Pass through of financial consequences from supplier to customer:
- Capture net rather than gross financial consequences;
- Ensure that both increases in costs/reductions in benefits and decreases in costs/increases in benefits are covered;
- Be wary of bundled commodity and clean energy pricing which may be difficult to unbundle where a clean energy scheme is repealed or varied during the term of the contract;
- Consider minimum thresholds (eg dollar figure impact) for trigger of the pass through to minimise the administrative burden;
- Assess inclusion and scope of supplier mitigation of costs obligations, including required mitigation steps and exclusion of pass through of penalties under the clean energy scheme;
- In some circumstances, provision for the customer to discharge liability under the scheme in respect of its purchases may be sought, particularly where the customer considers that it is able to source free or cheaper credits compared to the supplier; and
- Review the proposed mechanism for apportionment of net financial consequences of a change event between multiple customers to ensure it is appropriate, and include information sharing and verification procedures. Where confidentiality restrictions apply, aggregation techniques or use of an independent auditor arrangement may be warranted.
The above general drafting tips align with our own experience in drafting and negotiating clean energy clauses from both the supplier and customer side over the past decade. Where drafting for a particular clean energy scheme, further detailed and bespoke drafting is often required having regard to the particular circumstances of the deal, including:
- to resolve the tension between verification, accuracy and fairness of allocation methodologies, and maintaining the confidentiality of contracting positions and other commercial in confidence information;
- to develop contractual 'true-up' procedures where billing or payment processes do not align with the reporting and liability framework of the applicable clean energy scheme(s). Further complexities arise where contractual structures involve unincorporated joint ventures or other complex consortia arrangements; and
- to cater for exemptions applicable to the customer or supplier in the context of the clean energy scheme or to provide the customer with flexibility to deal with its proportionate share of liability under a scheme by various methods (eg payment of pass-through costs to the supplier, direct participation in the scheme instead of the supplier or transfer of clean energy products/offsets to the supplier in substitution for payment of pass-through costs).
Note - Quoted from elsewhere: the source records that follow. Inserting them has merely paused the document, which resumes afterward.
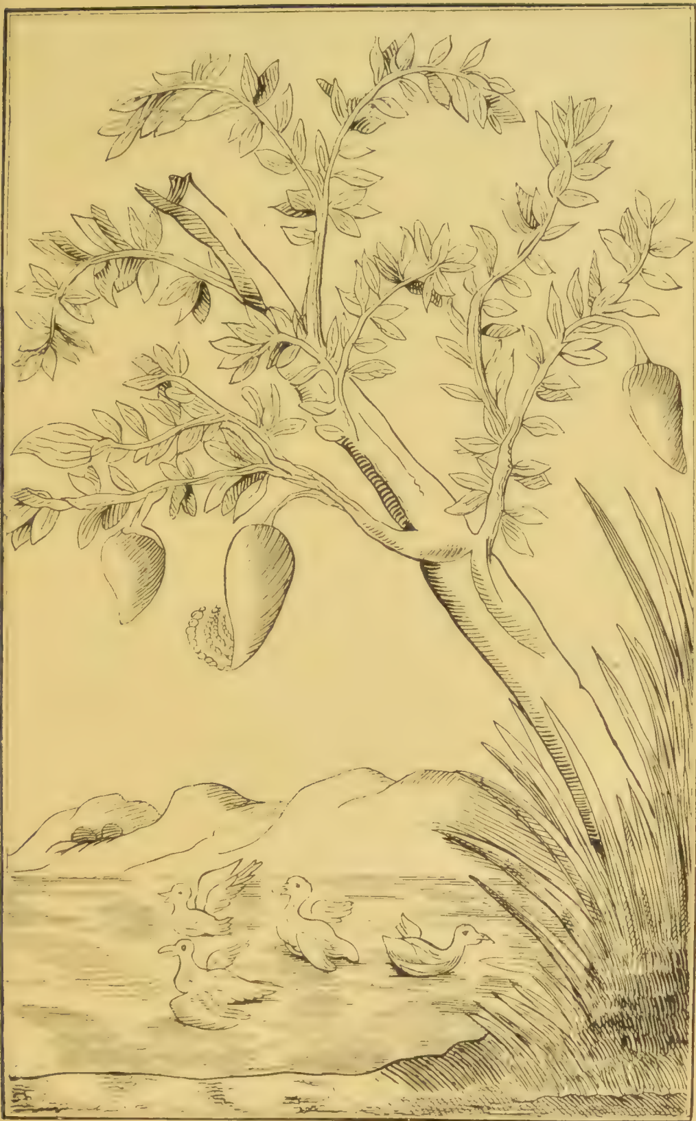
The Barnacle or Goose Tree.
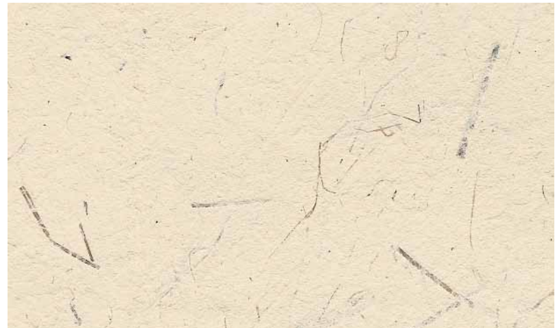
M-0246 Hakudoshi Susa
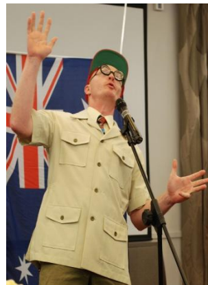
What's up there?
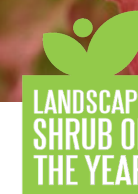
Kodiak® Orange Diervilla
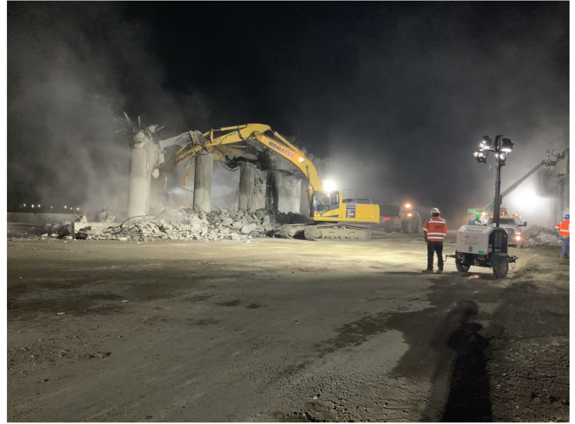
Edwards Street bridge demolition

Drafting for these matters accurately requires details of a clean energy scheme to be known with sufficient certainty - a matter that is difficult in the current climate.
Ultimately, clean energy policy continues to be unsettled in Australia. Given this climate of uncertainty, the session concluded with the general tip to draft broadly for a myriad of schemes and revisit clean energy clauses in standard contracts regularly to check that they remain flexible and appropriate in light of policy changes and otherwise reflect current best practice.